(DATA FOR THIS TASK begins)
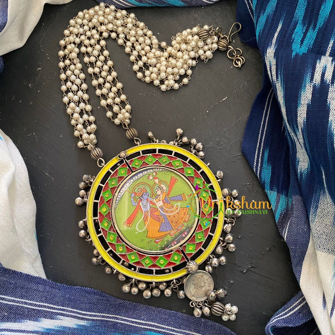 Silver Afghani Neckpiece with Pendant–Dancing Krishna couple HAND PAINTED pendant neckpiece; layered pearl long chain. ONLY NECKPIECE.
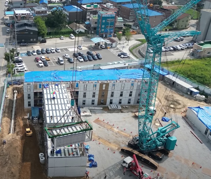 인천 강화도에 건설된 ‘강화신문 모듈러 아파트’는 총 130세대 규모의 공동주택입니다. 놀라운 점은 철근 콘크리트가 아니라 공장에서 미리 만들어진 ‘모듈’을 현장에서 쌓아 조립하는 방식으로 지어졌다는 점이에요.
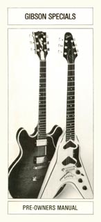 Cover of the 1981 Gibson Specials pre-owners folder, featuring the Flying V II and the active ES-Artist
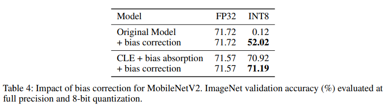 Table 4는 MobileNetV2에 bias correction이 적용되기 전과 후의 성능 변화를 비교해 보여준다. INT8로 quantize시, bias correction 없이는 random에 가깝던 output이 52.02%의 정확도까지 올라간 것을 알 수 있다.
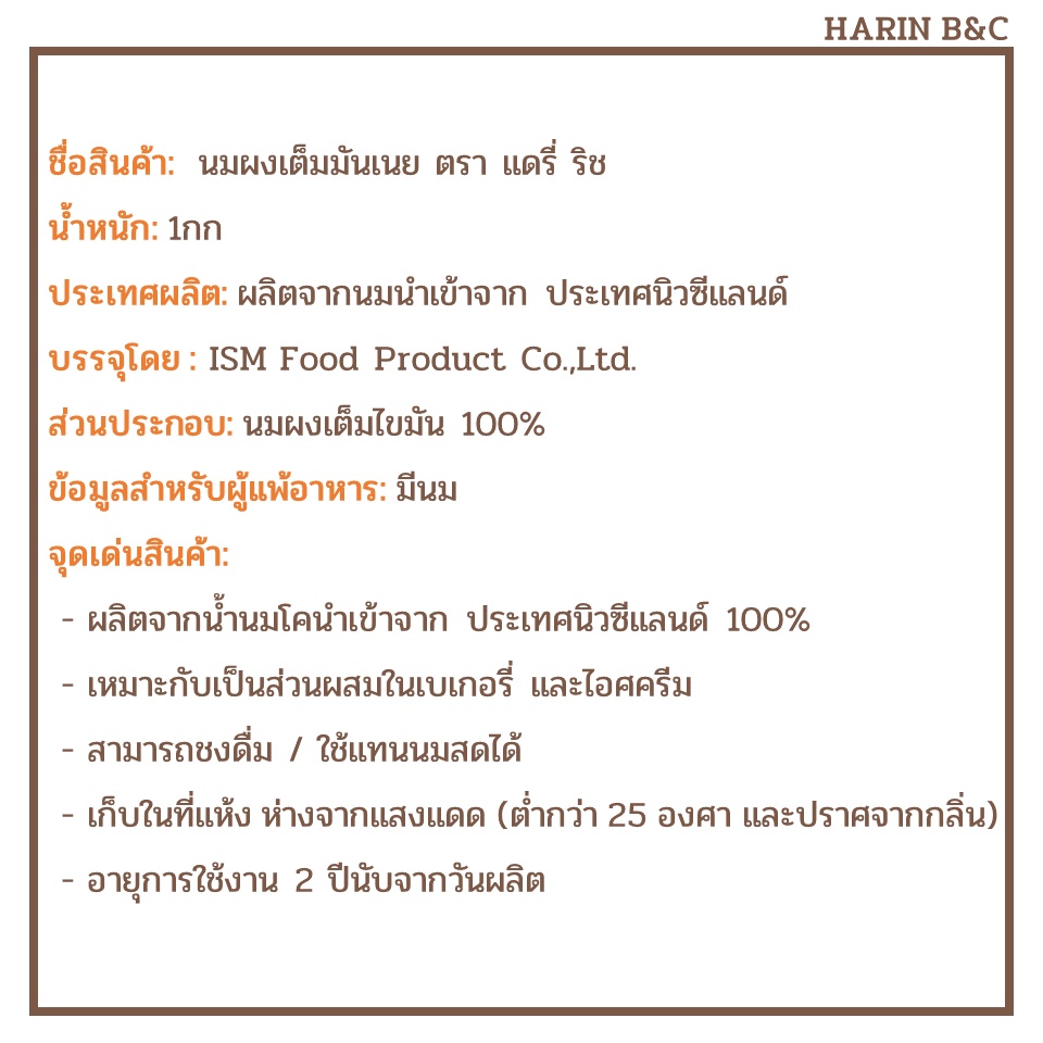 นมผงเต็มมันเนย ตราแดรี่ริช หัวนมผง 1กก. Dairy Rich Instant Full Cream Milk Powder 1kg
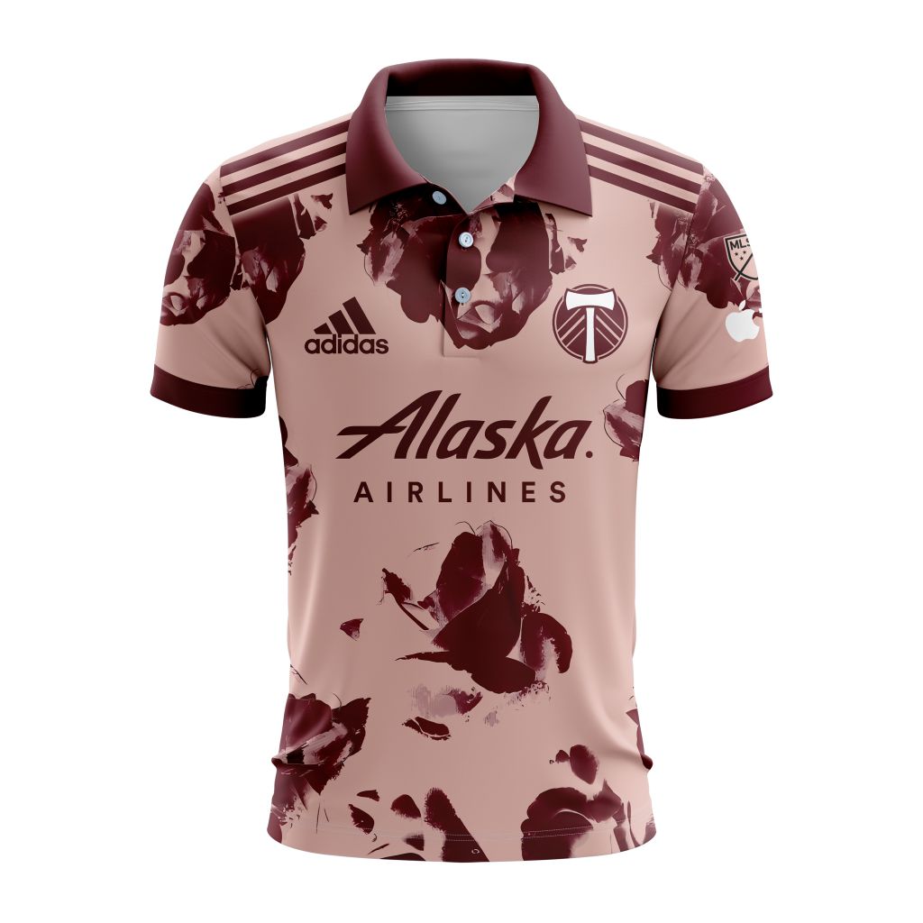 MLS Portland Timbers 2023 Away Heritage Rose Custom Polo Shirt Golf Shirt
(DATA FOR THIS TASK ends)
Transcribe exactly the lines running from the line with "Table 4는 MobileNetV2에" to the last line of the entries. Pictures stay out of the copy.

 Table 4는 MobileNetV2에 bias correction이 적용되기 전과 후의 성능 변화를 비교해 보여준다. INT8로 quantize시, bias correction 없이는 random에 가깝던 output이 52.02%의 정확도까지 올라간 것을 알 수 있다.
 นมผงเต็มมันเนย ตราแดรี่ริช หัวนมผง 1กก. Dairy Rich Instant Full Cream Milk Powder 1kg
 MLS Portland Timbers 2023 Away Heritage Rose Custom Polo Shirt Golf Shirt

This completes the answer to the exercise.